Friday 17 February 2012

A Game of Hide and Seek by Elizabeth Taylor

Looking at the map of your inner England, to remark to your companion 'I think we're in the Home Counties Darling' would be true by GPS but false if one expects rood screens and 'where did I leave my cycle clips'. No, Elizabeth Taylor's Dramatis Personae have a more complex anguish than ever disrupted a garden fete. The novel opens at the shabby Victorian house of Hugo and Caroline over whose children the 18 year old Harriet has a supervisory role she combines with typing. The relationships between all the parties in this novel are complex and god forgive me, inter-generational.
Vesey's aunt, the mother of Joseph and Deirdre was Harriet's mother's closest friend. As young women (a smudged photograph recorded this) they had once been hustled, gripped above the elbows by policemen, up the steps of a police-station. In the background, shop-windows showed great holes like black stars. Harriet, not able to bear this picture nor to ignore it, heedless of former sacrifice, as history makes all of us, saw only that her mother had exposed herself to mockery and ridicule, that she looked ugly, wild, a little mad, her mouth a little open, her had sideways. And Vesey's Aunt Caroline the same.
Vesey is Harriet's 'cycling fish' if you will. He is also 18 and has been parked with his aunt for the summer. Harriet falls in love with him but he then leaves and doesn't write. All during her subsequent marriage with Charles who is a much older man, she holds him in her heart. Harriet has to regularly wring out her hanky. This sounds I know like the elocution sentences that she might have had to repeat in school. ‘Vowels gels’. Harriet is a weeper and at a critical moment with her husband as she begins to overflow he thinks in an uncharacteristic moment of disloyalty that she is a terrible whiney woman. About Charles:
Charles was much respected in the little town where he worked. Solid, serious, astute, he was a strange son for his mother to have borne, people felt.
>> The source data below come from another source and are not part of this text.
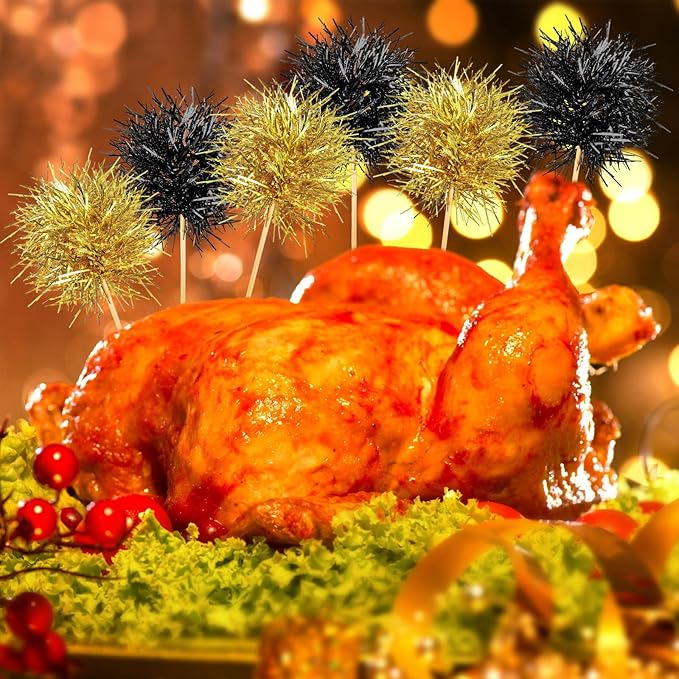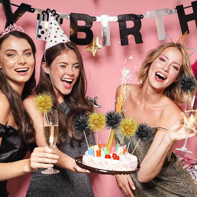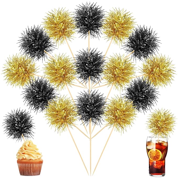 Chinco 100 Pcs Foil Firework Cupcake Toppers Sparkle Tinsel Cake Toppers Cake Decoration Cocktail Fruit Toothpick for Birthday Wedding Graduation Party(Black, Gold)
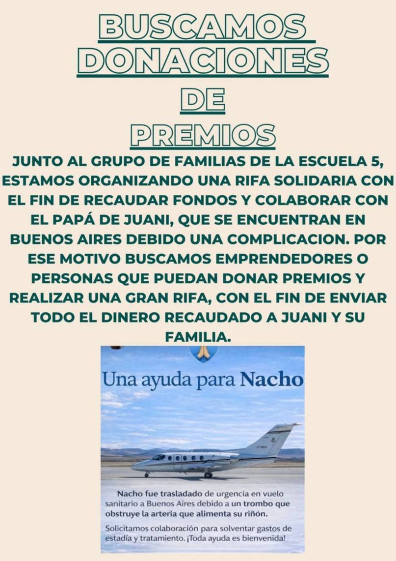 La iniciativa es impulsada por familias de la Escuela 5, institución a la que asiste el menor, quienes organizaron una rifa solidaria con el objetivo de recaudar fondos para colaborar con los gastos de estadía y tratamiento médico. El niño debió ser derivado a la capital del país debido a una complicación en su estado de salud, relacionada con un trombo que obstruye la arteria que alimenta su riñón.
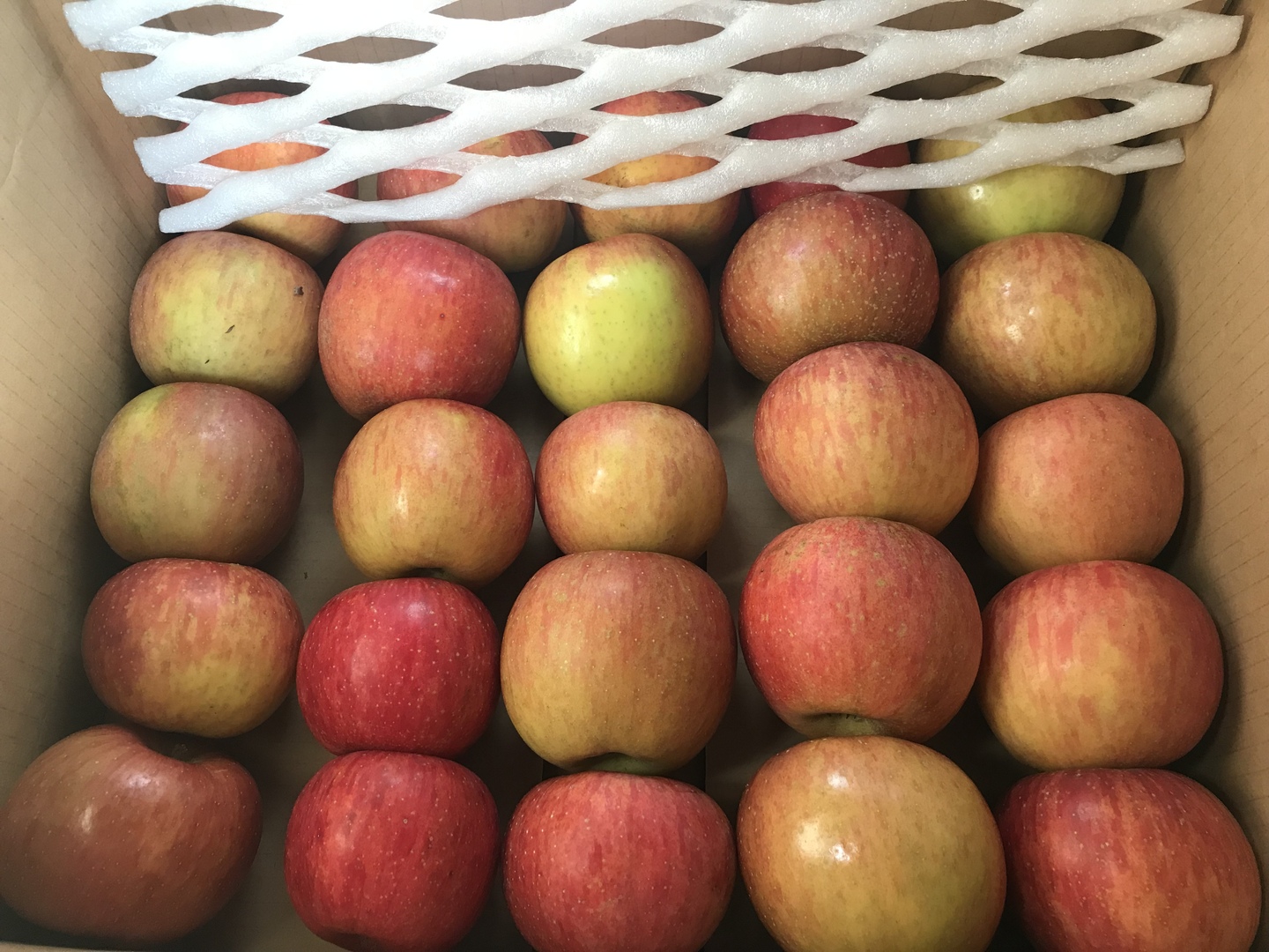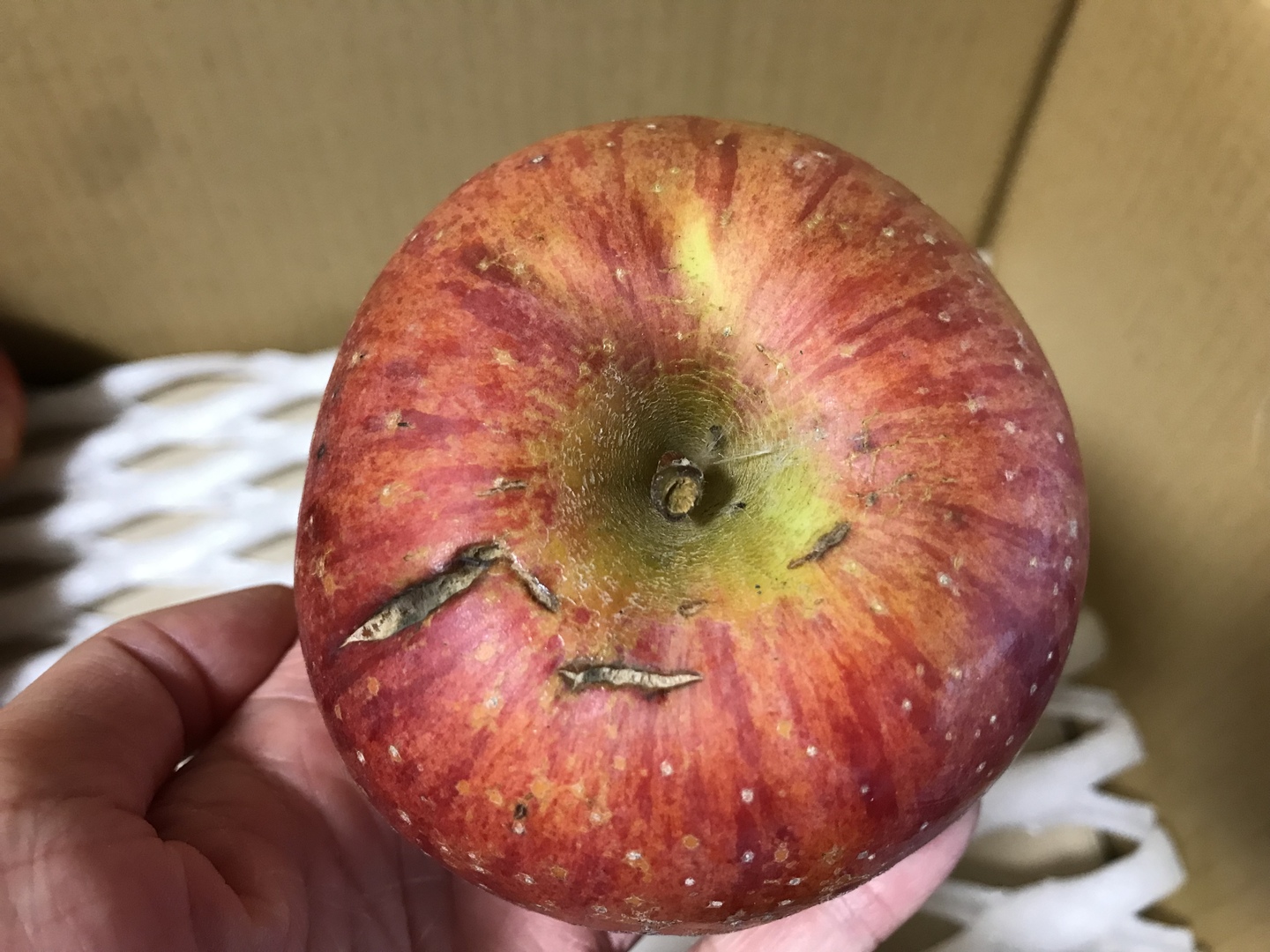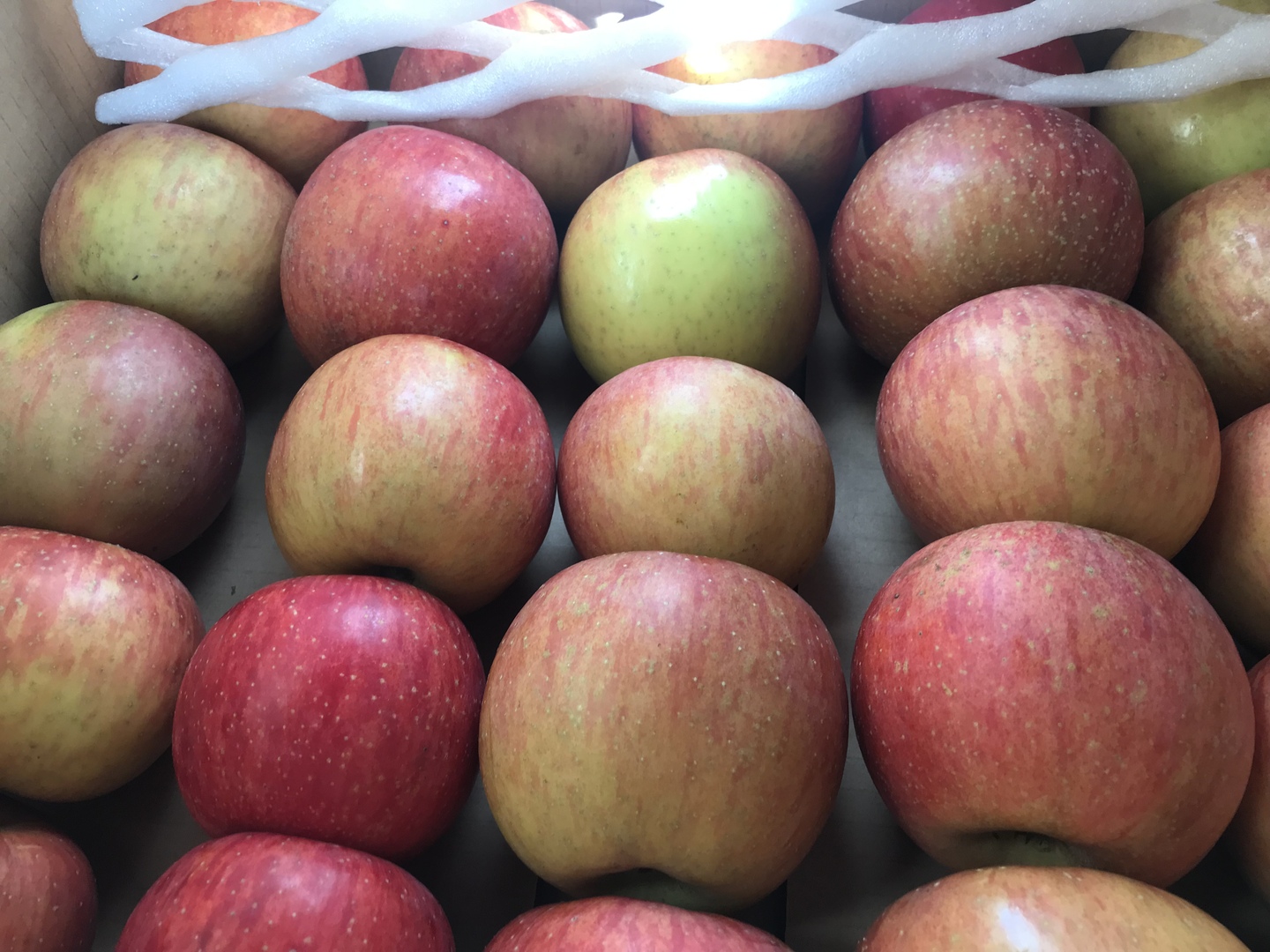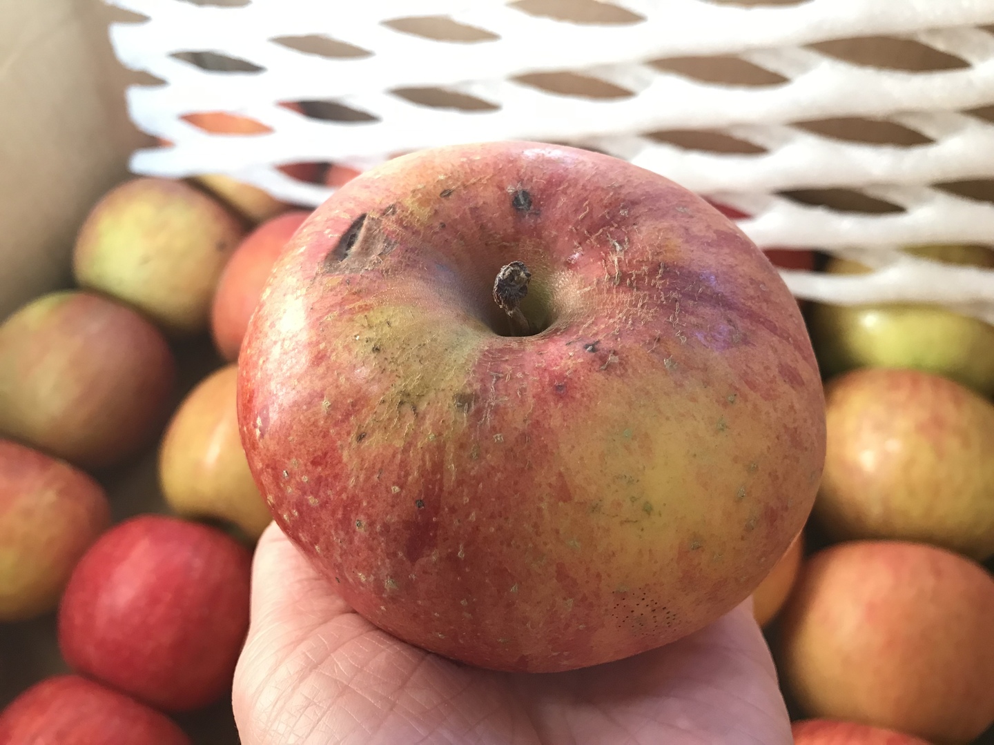 収穫直前まで葉から旨味と養分を送られたりんごたちは着色むらがありますが、養分豊富な力強いりんごに育っています。

That she was an embarrassment to him, they could easily understand: that there was war between them few realised - war which, stimulated Julia and bore her up; but which had effects of prolonged nervous strain upon her son.
Julia was an actress at the top of her profession. She cannot leave off her actressy ways and Taylor has fun with these. Her son looks out the window and sees her coming up the garden path.
His mother came up the path with a red and silvery cabbage in one hand, a knife in the other. She held the cabbage away from her, as if it were some loathed thing. It might have been John the Baptist's head so dramatically did she carry it.
Vesey who has receded from view in the novel is the worm at the heart of Charles's marriage. He is that great invisible planet that perturbs. After 16 years he turns up and and it looks as though the un may be subtracted from the unrequited. That is the second half of the novel. A passing reference is made to the film Brief Encounter. This novel is very fine, in its observation, precise and she's also kind to men.